This post was originally published on Outlier Media.

Gwendolyn Shivers has spent time taking care of other peoples’ children for nearly half a century, since the 62-year-old was just 13. But when she had her own children, as well as a job, the Brightmoor resident saw that there were limited child care options in her neighborhood.

The working mother struggled to find care for her children and could not take time off work when her kids needed her to do so. She wasn’t alone. Shivers connected with several women who were getting their GEDs through a program at Hubert Elementary School but who missed sessions because they could not find child care. So, she watched the children of GED students for free for the next two years. Then, with help from the school’s principal, she started her in-home child care business, Gwen’s Heavens Angel’s Day Care.

Shivers is a part of the Brightmoor Childcare Quality Initiative (BQI), a group of about 16 child care providers working to improve access to care for families in the neighborhood, with emphasis on those who cannot afford to pay. BQI gives member child care centers access to funding and provides child care scholarships to families. The initiative also offers special benefits like a diaper pantry and field trips.

All of the child care providers in BQI are women and the group includes both formal and in-home care centers.
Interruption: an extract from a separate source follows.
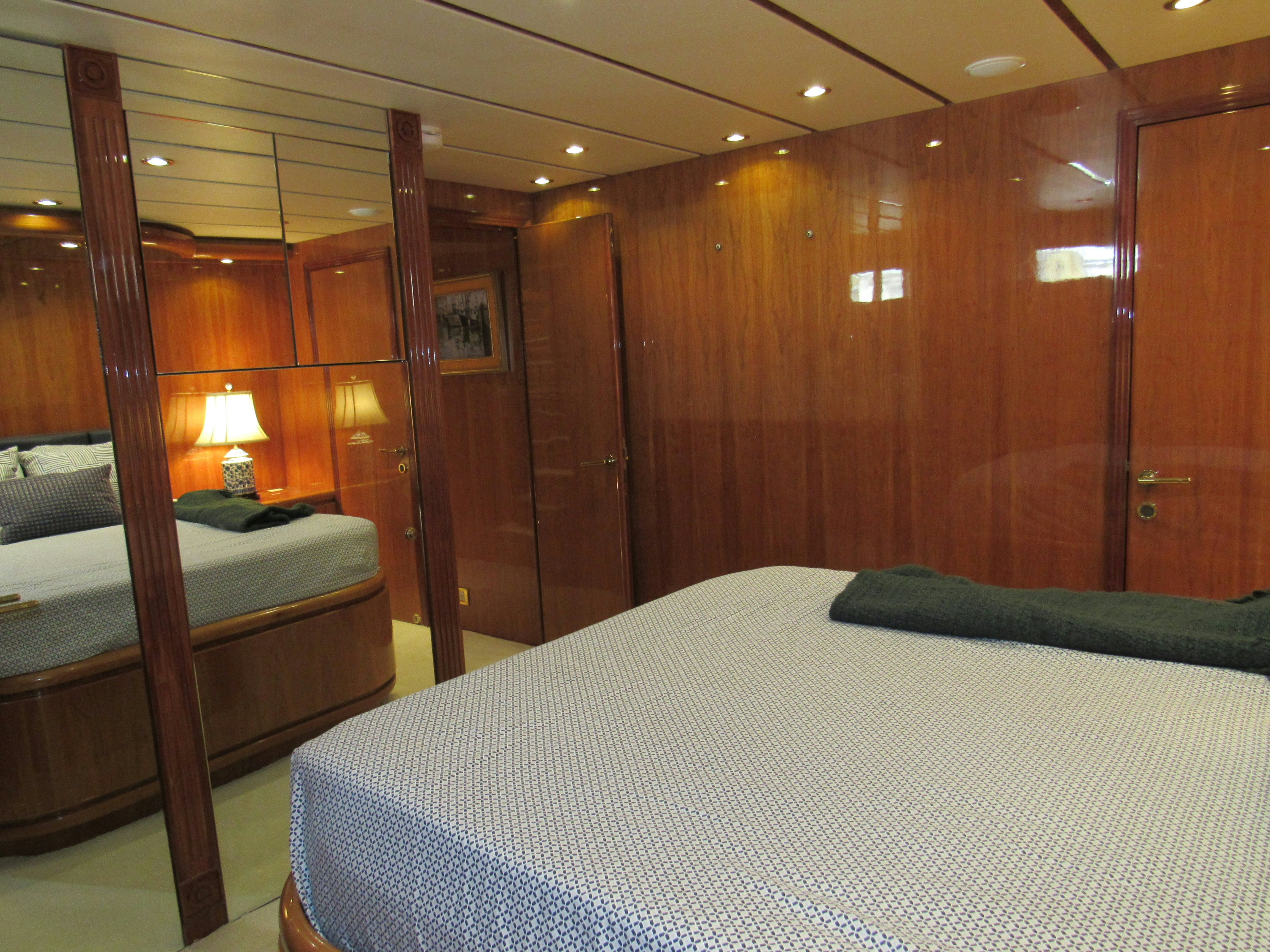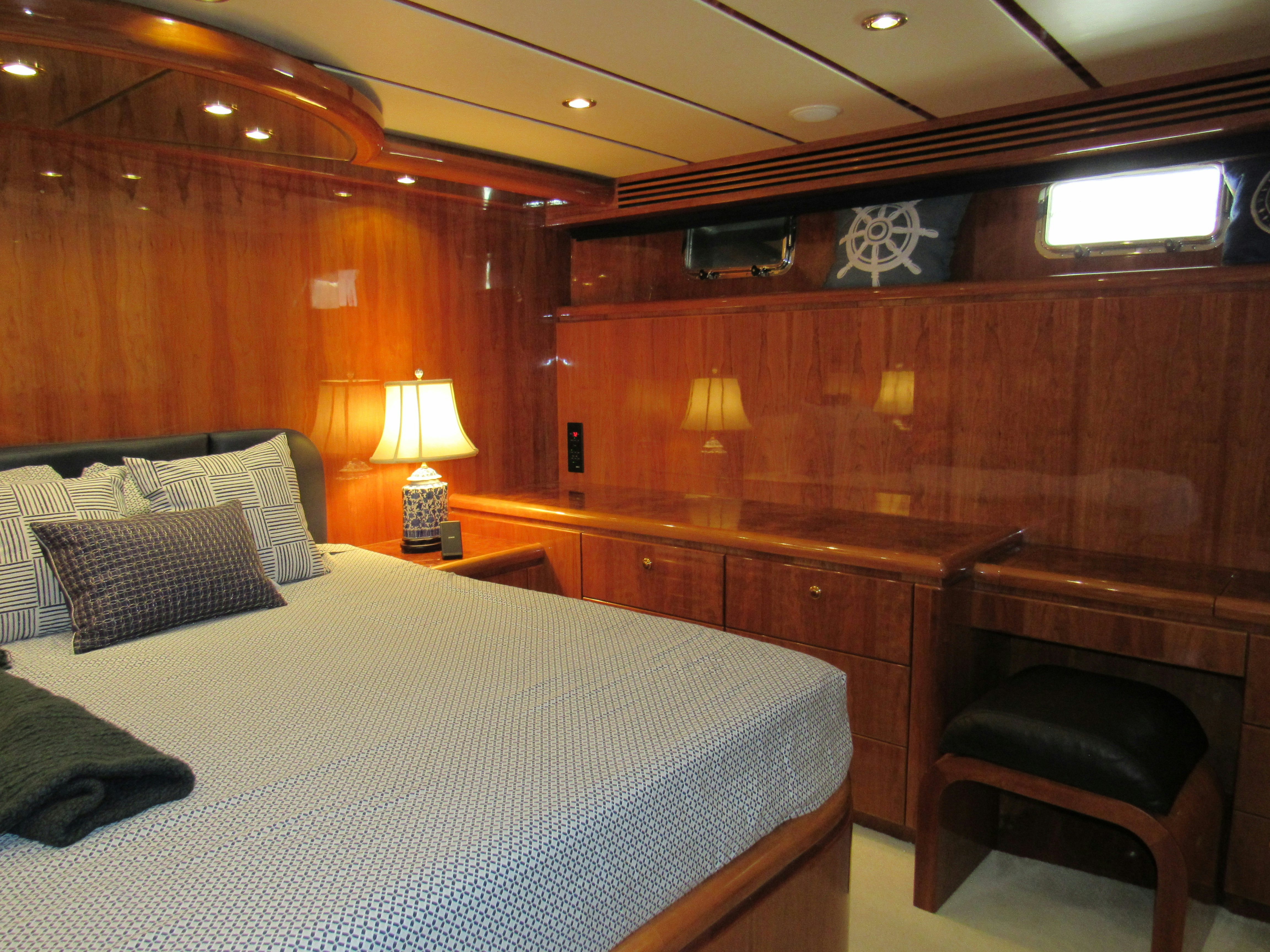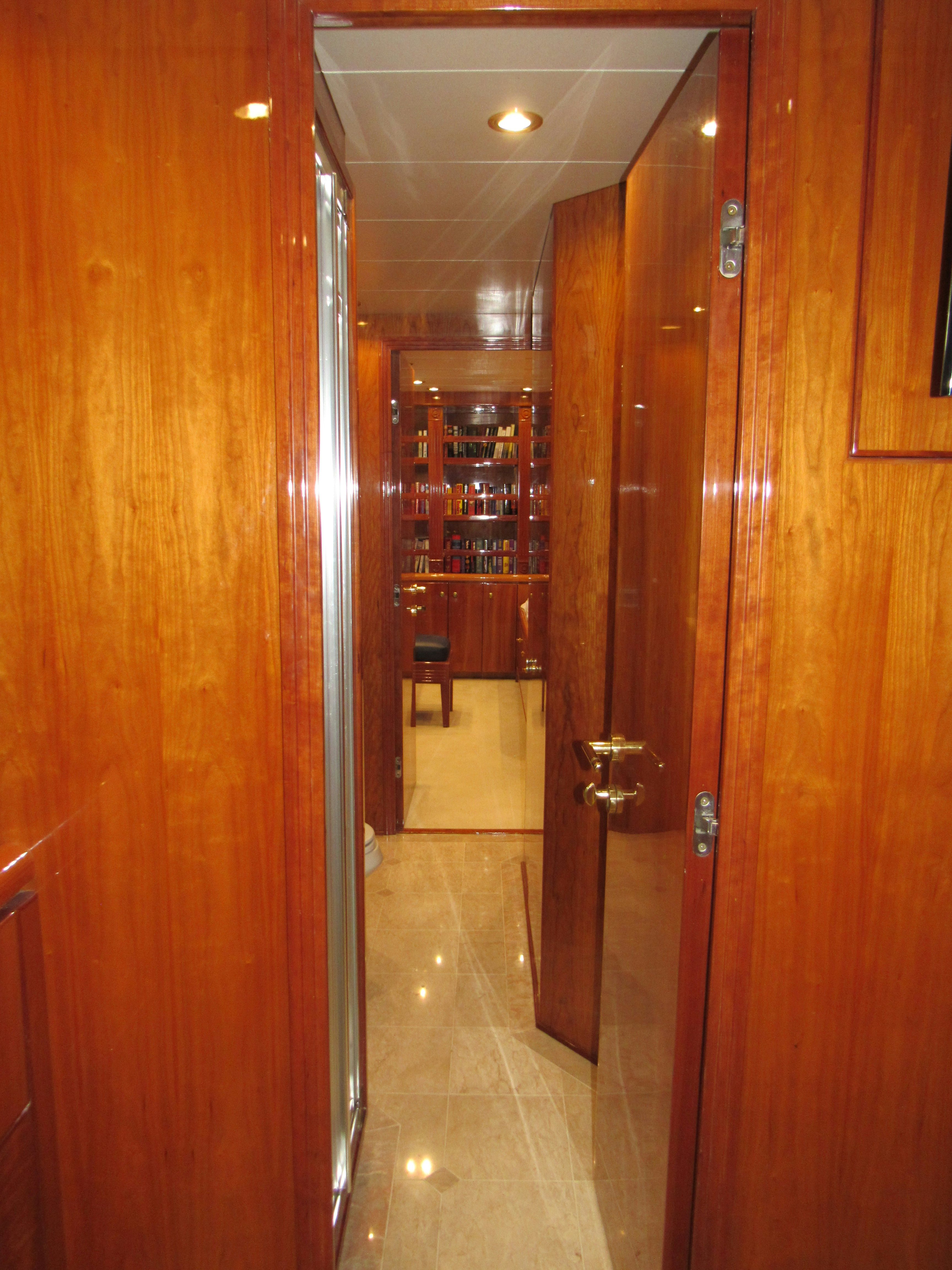 SANCTUARY sleeps eight guests in four well-appointed cabins. The full-beam owner’s stateroom is located amidships and features a king-size berth, walk-in cedar closet, marble bathroom with dual sinks, Jacuzzi tub, a small leather settee to starboard, and a built-in bureau with vanity table to port. The VIP cabin offers a queen berth, generous storage, and a private head. The twin guest cabin includes twin berths and an ensuite, while the fourth guest stateroom functions as a library/office with bookshelves, a desk, single berth, and a pullman. This ensuite also serves as a dayhead accessible to the owner’s suite.

Member Kai Young owns both an in-home center and a formal child care center called Squiggles and Giggles. She has been with the organization since it was formed in 2008.

“It started off by just needing diapers and formula for some of the families. That ended up leading to a pantry that was opened for the children of the families that we cared for,” she said. “And it went from that to saying, ‘OK, well now we need resources because the parents are having a hard time paying tuition.’”

BQI is funded by nonprofits including the Max M. & Marjorie S. Fisher Foundation, as well as IFF which provides grants for child care center upgrades. IFF is a partner in Hope Starts Here, a city-wide initiative supported by the W.K. Kellogg Foundation and The Kresge Foundation, that supports young children and families. The initiative has six imperatives, or goals, to improve and provide quality early childhood education, health, and access to care.

In addition to renovating child care spaces, IFF has worked with providers to train staff on best-practices, including how certain paint colors can overstimulate a child’s brain.

“IFF came in and explained the way the mind works and how the colors should be soothing,” Young said. “Prior to them getting on board I didn’t have the education as far as knowing what colors do to a child. With the fluorescent lights that we had in the ceiling, I didn’t understand the buzzing sound could be affecting them.”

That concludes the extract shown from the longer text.